Dataset excerpts
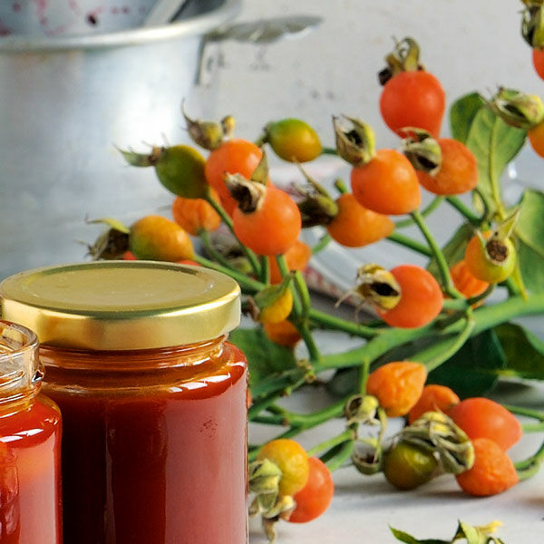 Hagebuttenmark enthält viel Vitamin C und ist daher in der kalten Jahreszeit zu empfehlen. Es schmeckt zu Desserts, als Brotaufstrich wie auch zu Wild und Käse.
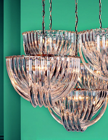 Подвесной светильник Chandelier Murano 50 на никелированной арматуре. Плафон выполнен из нескольких закрученных элементов из прозрачного акрила. Высота светильника регулируется за счет звеньев цепи.
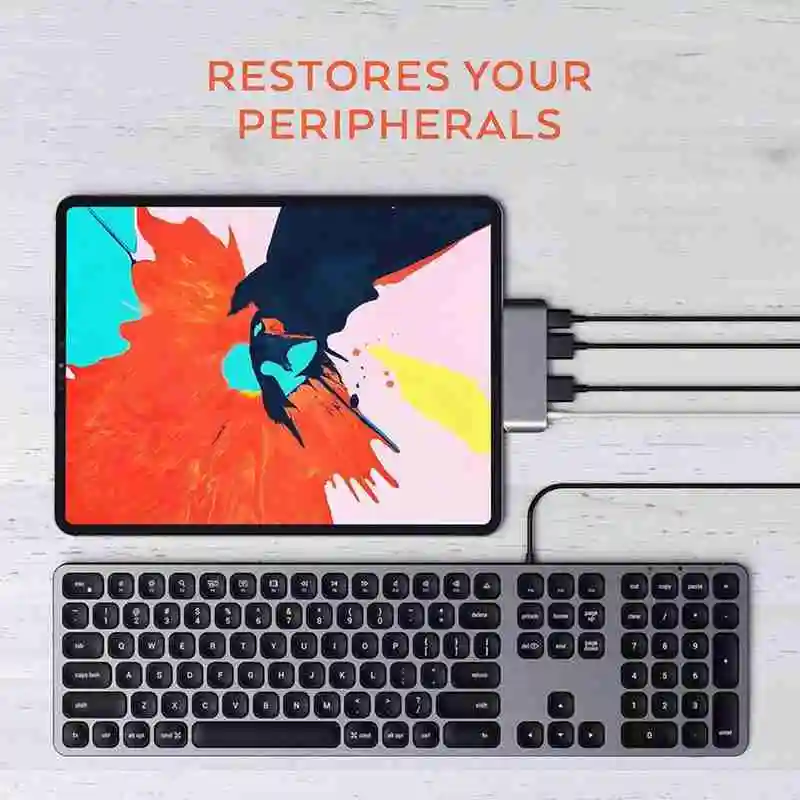 Особенности-С потрясающим 4K HDMI-совместимым дисплеем (30 Гц),-USB-C PD 3,0 QI Беспроводная зарядка, USB 3,0 порт 3,5 мм для наушников, все по одному USB-C соединения.-С его дизайном plug and play, проще, чем когда-либо, подключить все ваши устройства на ходу.-Предназначен для нового iPad Pro 2019Упаковка: 1 хаб Type-CОписаниеОдин из первых адаптеров специально разработан для нового iPad Pro 2018 года, что обеспечивает портативный доступ ко всем медиаустройствам для мобильного телефонаПотрясающий 4K HDMI-совместимый дисплей-Наслаждайтесь высокой яркостью, высоким разрешением 4K HDMI-совместимый дисплей (30 Гц) iPad Pro 2018 для безбарьерных презентаций, конференц-звонки и потоковое видео в любое время и в любом месте!USB-C источник питания-позволяет осуществлять двустороннюю зарядку, чтобы быстро зарядить iPad Pro 2018 или как портативный внешний аккумулятор (при подключении к iPad) для зарядки подключенных USB-C-устройств. Мы рекомендуем использовать адаптер питания, по крайней мере, 30 Вт для того, чтобы поддерживать скорость зарядки восстановить периферийные устройства-Тип-C мобильный Pro обеспечивает 3,5 мм для наушников, И дополнительный порт USB 3,0 для передачи фотографийСовместимость с USB-C-2018 iPad Pro, Samsung Galaxy S9 Plus / S9, 8 Plus / 8, Note 9/8, Microsoft Surface Go, Surface Book 2, Google Pixel 3 XL / 3, LG V30, Huawei Mate 20, HTC U12 +, Microsoft Lumia 950 XL / 950 и т. д. iPad 2017 и более ранние версии не Поддерживается
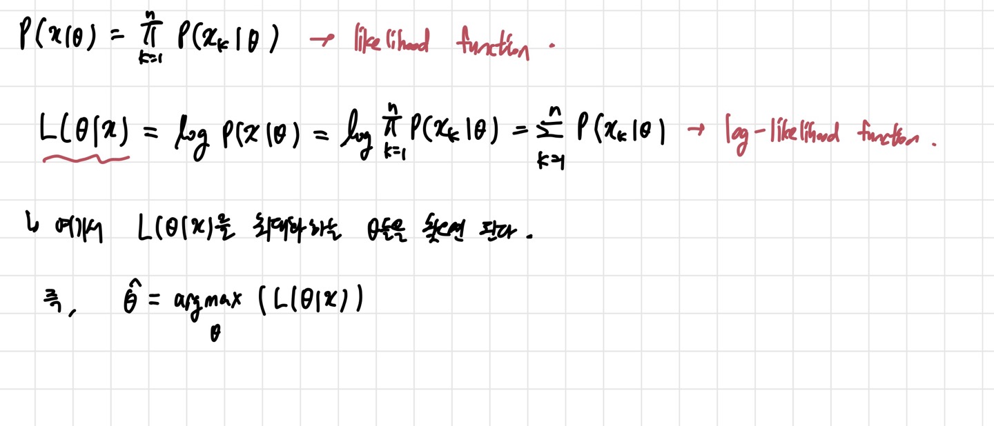 위의 사진과 같이 Likelihood function을 정의했다. log-likelihood function을 굳이 정의하는 이유는 그냥 덧셈으로 계산하면 편하기 때문이다.
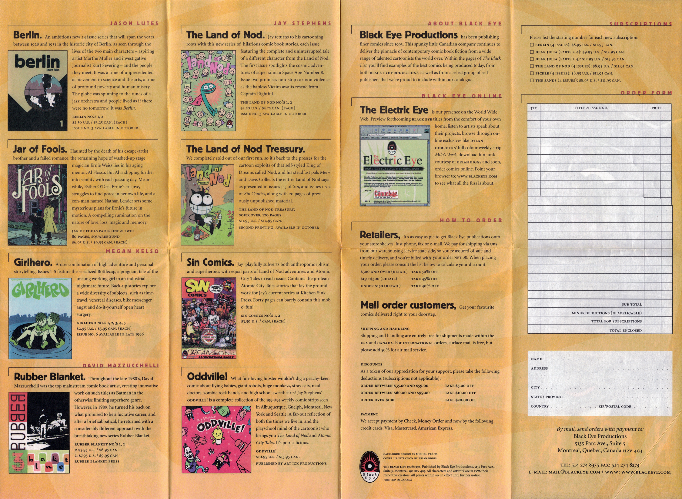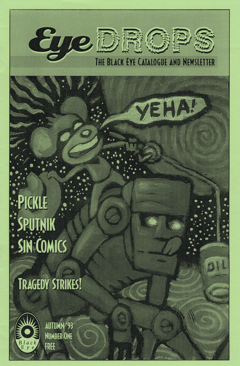The thing that really set Black Eye apart was the crisp look of its line of comics. Vrana is a skilled designer, and his expertise really showed with all visual aspects of the company, from the classy logo and clean trade dress for each comic, right down to the impeccably designed newsletters and catalogs. The company even had an early presence on the Web, with a nicely laid out website that even contained some early online comics by James Kochalka, Jay Stephens, and Dylan Horrocks. Black Eye eventually folded in 1998, but Vrana currently enjoys a successful career as a book designer.
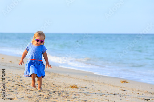 happy cute little girl run on beach
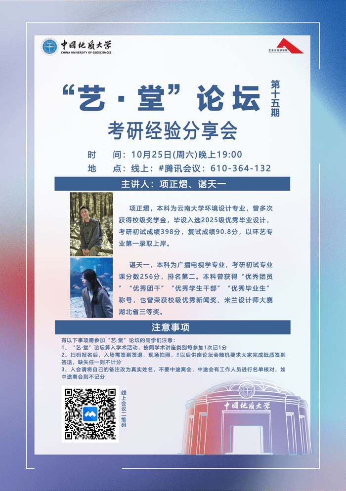 为帮助同学们明确考研方向、优化备考策略,10月25日晚上19:00,KY开元集团官网“艺・堂”论坛第十五期(学风建设系列第八期)考研经验分享会在线上腾讯会议举行。本次分享会邀请环境设计专业考研高分上岸的项正熠与新闻传播学备考经验丰富的谌天一担任主讲人,为参会同学带来干货满满的考研指导,助力大家高效备战。
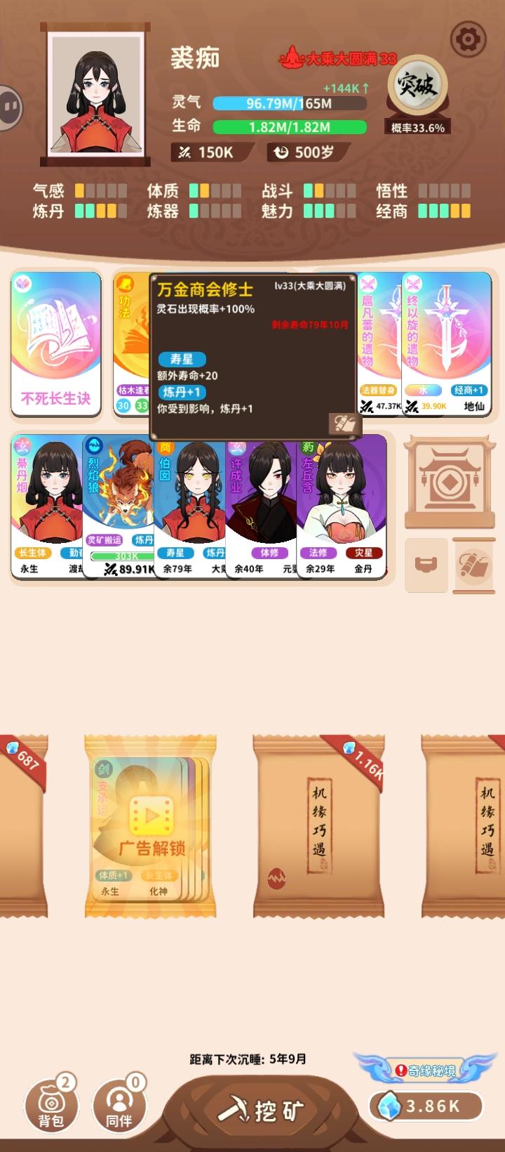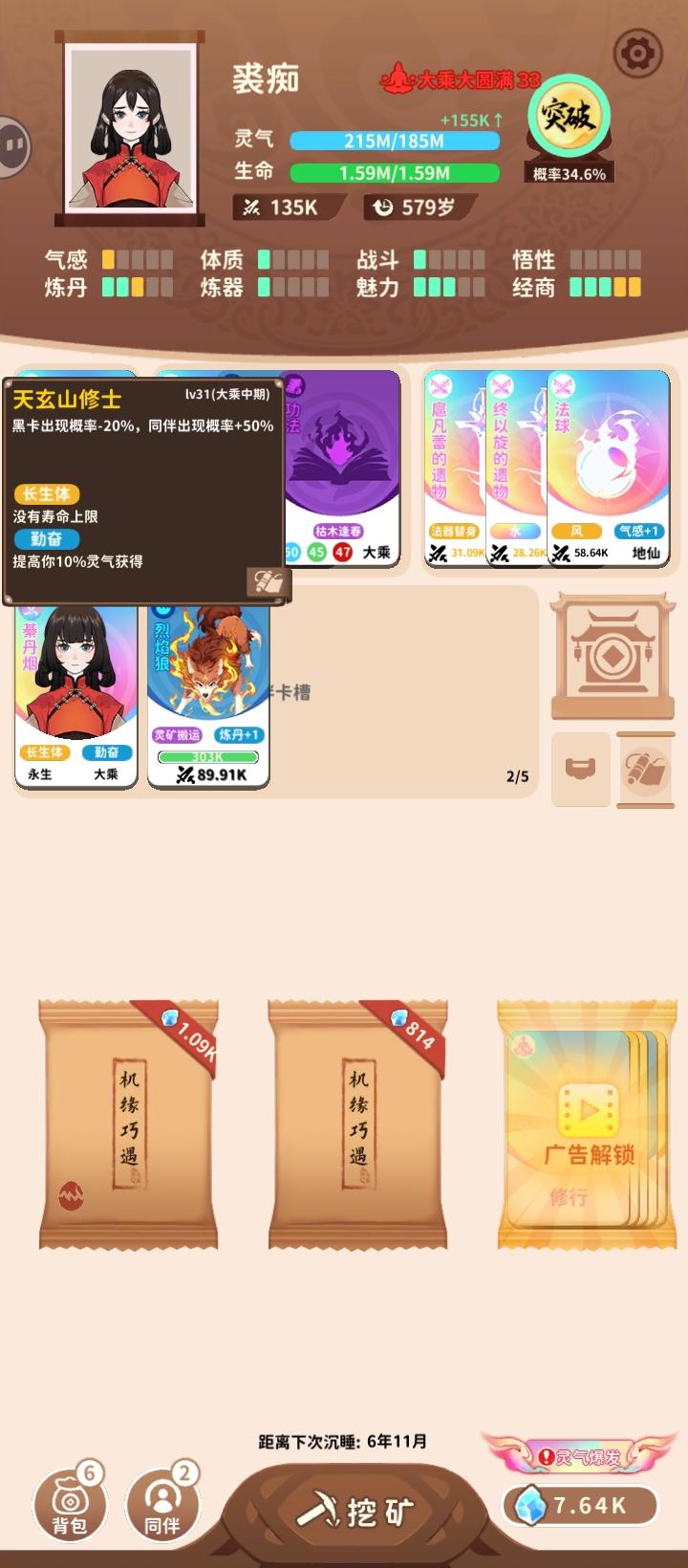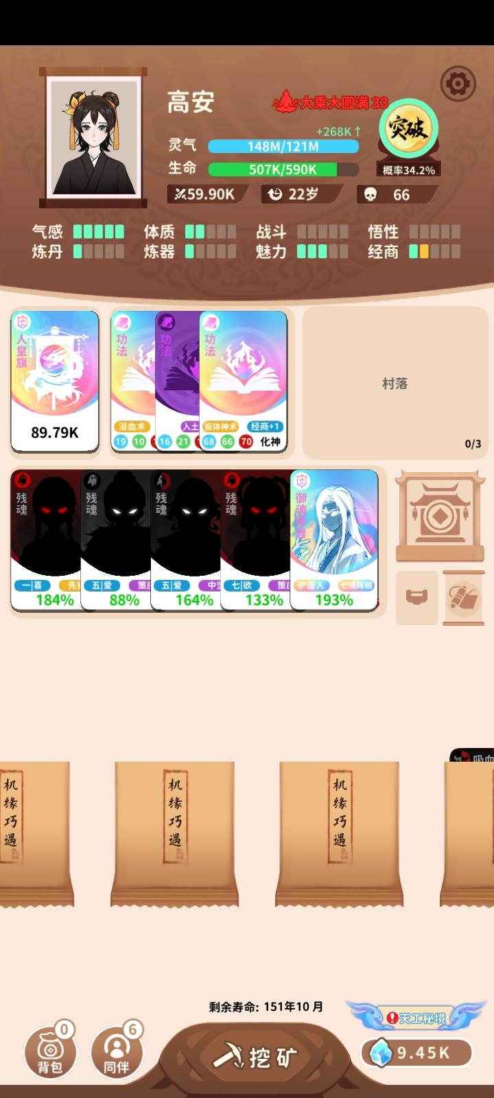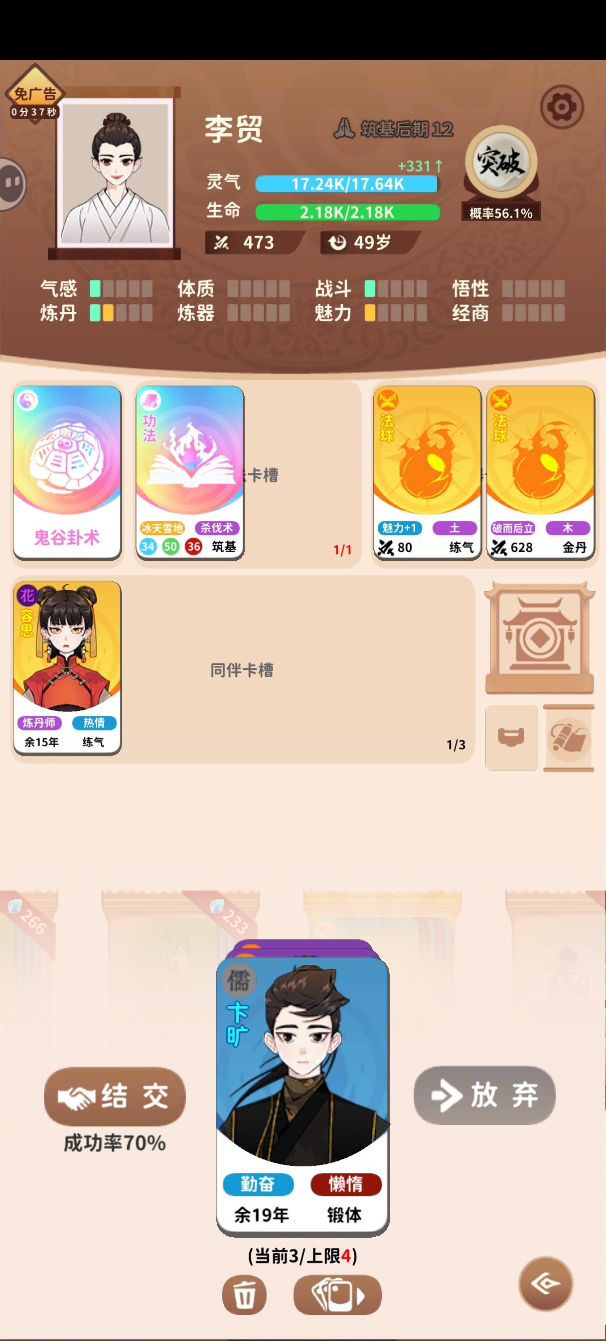 开局刷装备。刷到一个大恢复和枯木逢春一起的。开心坏了。准备看个广告刷一下属性。结果广告里面进去了。点退出来,又刷新了。气得我按了好久。终于,又出了!但是过去好久都没有刷出大回复和恶魔书印。气得我把。功法都丢了。结果下个商店就出了一个390的恶魔封印。偏题了,就是。遇见一个大乘圆满。有寿星词条。八十年寿命。感觉他可以成仙。结果死了。只见过长生体的成仙。你们有没有见过成仙过的,不是长生体#游戏日常
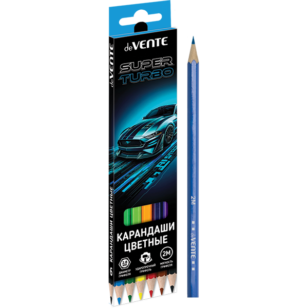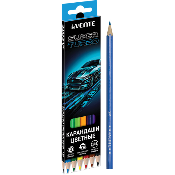 Карандаши цветные деревянные Super Turbo 06цв " deVente " 2М шестигранные, картонная упаковка, европодвес
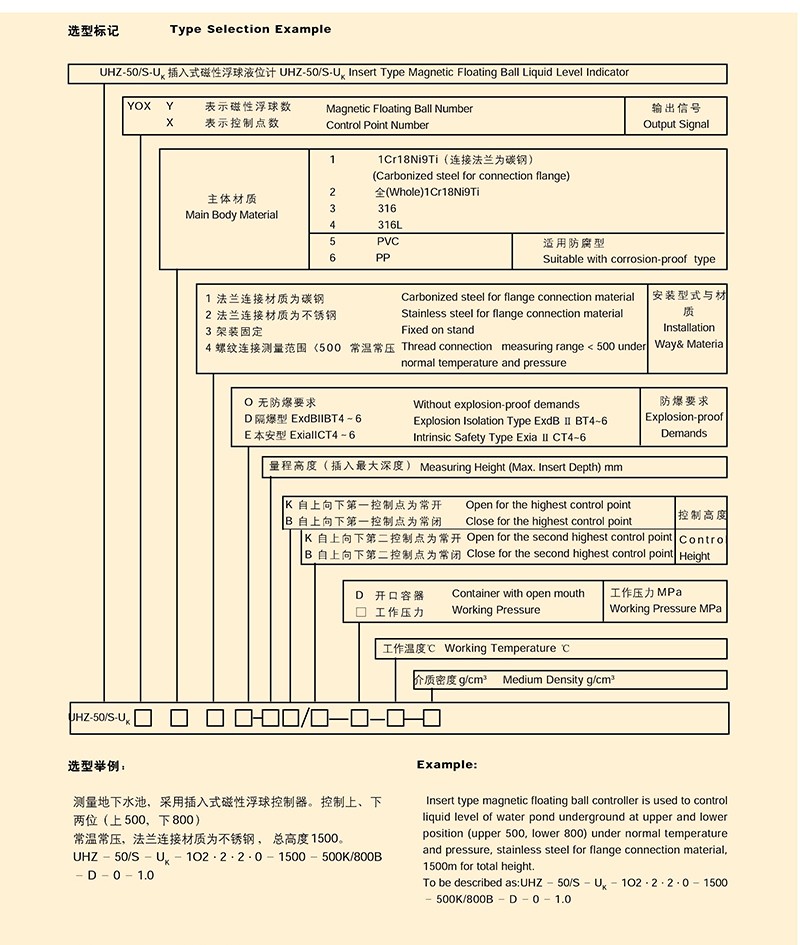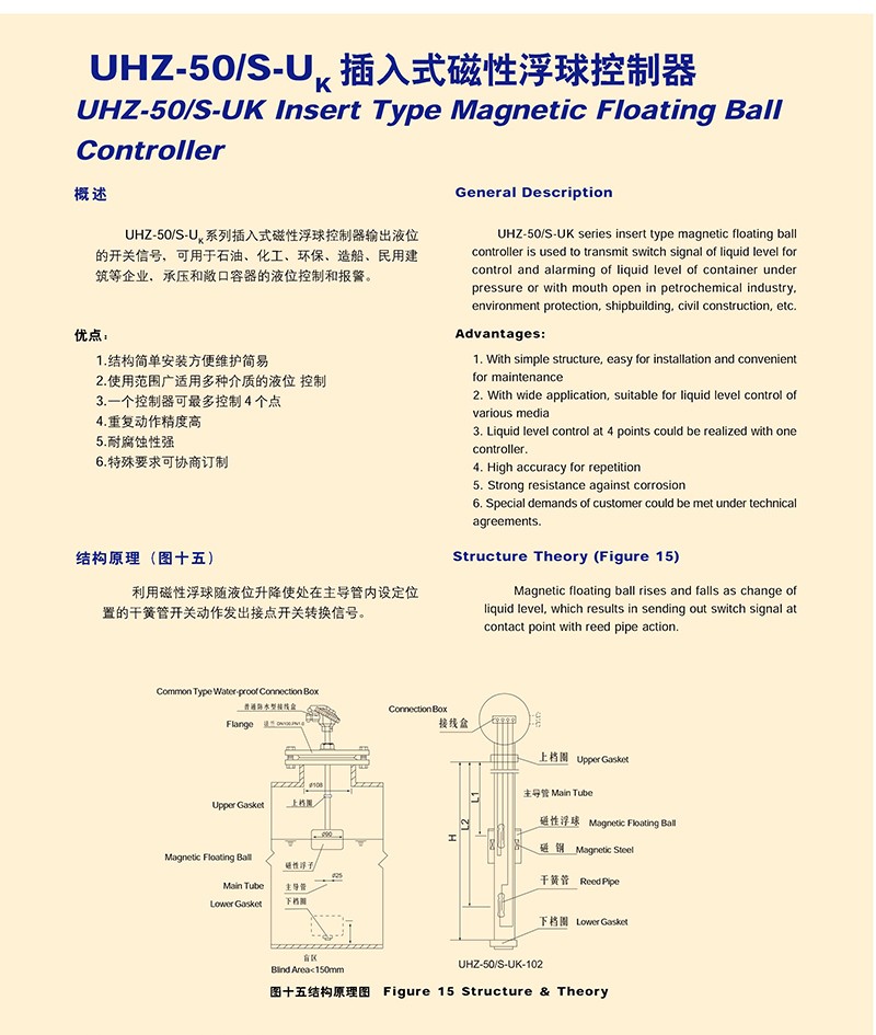 UHZ-50/s-UR/UB系列插入式磁性浮球液位變送器
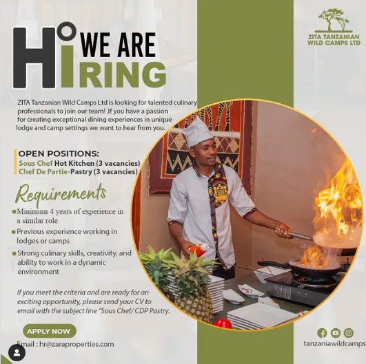 ZITA Tanzania Wild Camp Limited & Highview Hotel & Tours is the Tourist and Hospitality company dealing with Tour Agents and Accommodation. ZITA Tanzanian Wild Camps Ltd is looking for talented culinary/ professionals to join our team! .If you have a passion for creating exceptional dining experiences in unique lodge and camp settings we want to hear from you.
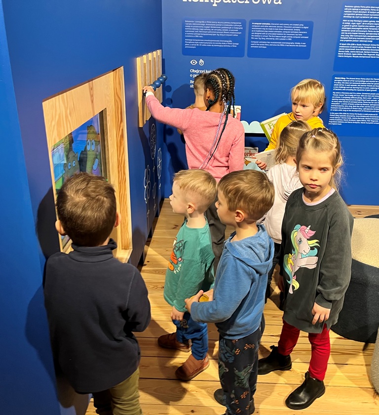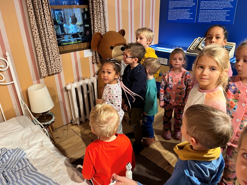 Dzieci brały udział w wycieczce do Muzeum Kinematografii w Łodzi, uczestniczyły w warsztatach "Rolka Bolka i Lolka". Zwiedzając sale muzeum poznały historię powstawania filmów i bajek dla dzieci, mogły dotknąć maskotek i pobawić się nimi, na koniec w sali kinowej oglądnęły bajki.
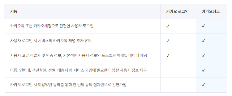 카카오 로그인과 카카오 싱크에서 제공하는 기능들은 다음과 같다.
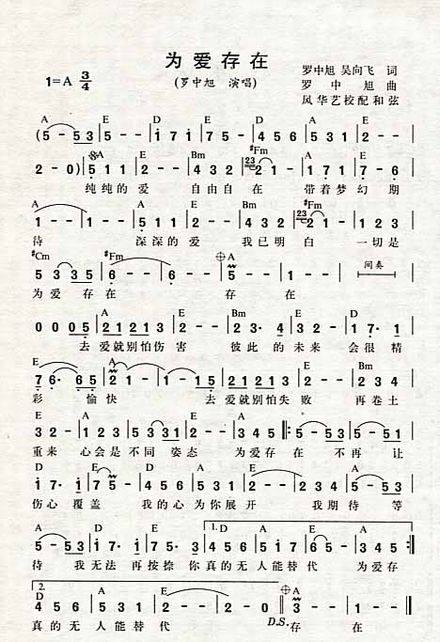 >> 为爱存在-罗中旭(简谱)
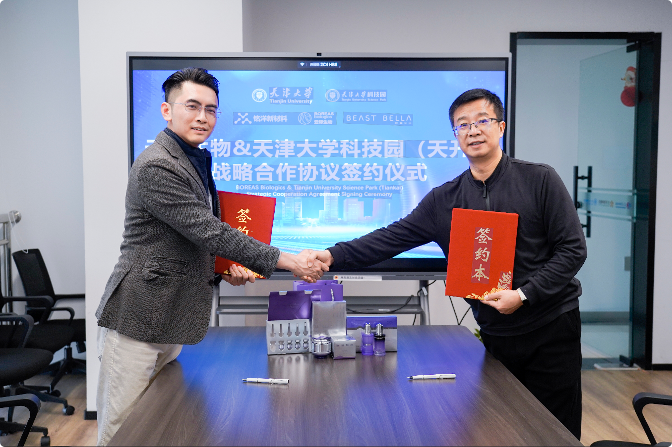 双方将整合各自核心优势,共同推进创新型生物材料、高新化学材料、新型渗透技术、水凝胶技术等在抗衰护肤领域的产业化应用,打造高功效、高安全性的护肤产品,建立配套工业化量产工艺与质量控制体系,实现科研成果从实验室到产业应用端的高效转化。北洋海棠基金发起合伙人、天津大学科技园总经理何勇军,天大科技园执行总裁郭晓丹,天津大学化工学院硕士导师,铭洋新材料(天津)有限公司总经理陈凯, 铭洋新材料(天津)有限公司项目经理温馨,云际生物执行董事张璐鸥,产品总监郭燕霞等出席了签约仪式。

- [Work order] Take the line containing "Dzieci brały udział" and every line after it up to the end of the entries, and quote them exactly. Both ends count; the pictures do not.

- [Your response]
 Dzieci brały udział w wycieczce do Muzeum Kinematografii w Łodzi, uczestniczyły w warsztatach "Rolka Bolka i Lolka". Zwiedzając sale muzeum poznały historię powstawania filmów i bajek dla dzieci, mogły dotknąć maskotek i pobawić się nimi, na koniec w sali kinowej oglądnęły bajki.
 카카오 로그인과 카카오 싱크에서 제공하는 기능들은 다음과 같다.
 >> 为爱存在-罗中旭(简谱)
 双方将整合各自核心优势,共同推进创新型生物材料、高新化学材料、新型渗透技术、水凝胶技术等在抗衰护肤领域的产业化应用,打造高功效、高安全性的护肤产品,建立配套工业化量产工艺与质量控制体系,实现科研成果从实验室到产业应用端的高效转化。北洋海棠基金发起合伙人、天津大学科技园总经理何勇军,天大科技园执行总裁郭晓丹,天津大学化工学院硕士导师,铭洋新材料(天津)有限公司总经理陈凯, 铭洋新材料(天津)有限公司项目经理温馨,云际生物执行董事张璐鸥,产品总监郭燕霞等出席了签约仪式。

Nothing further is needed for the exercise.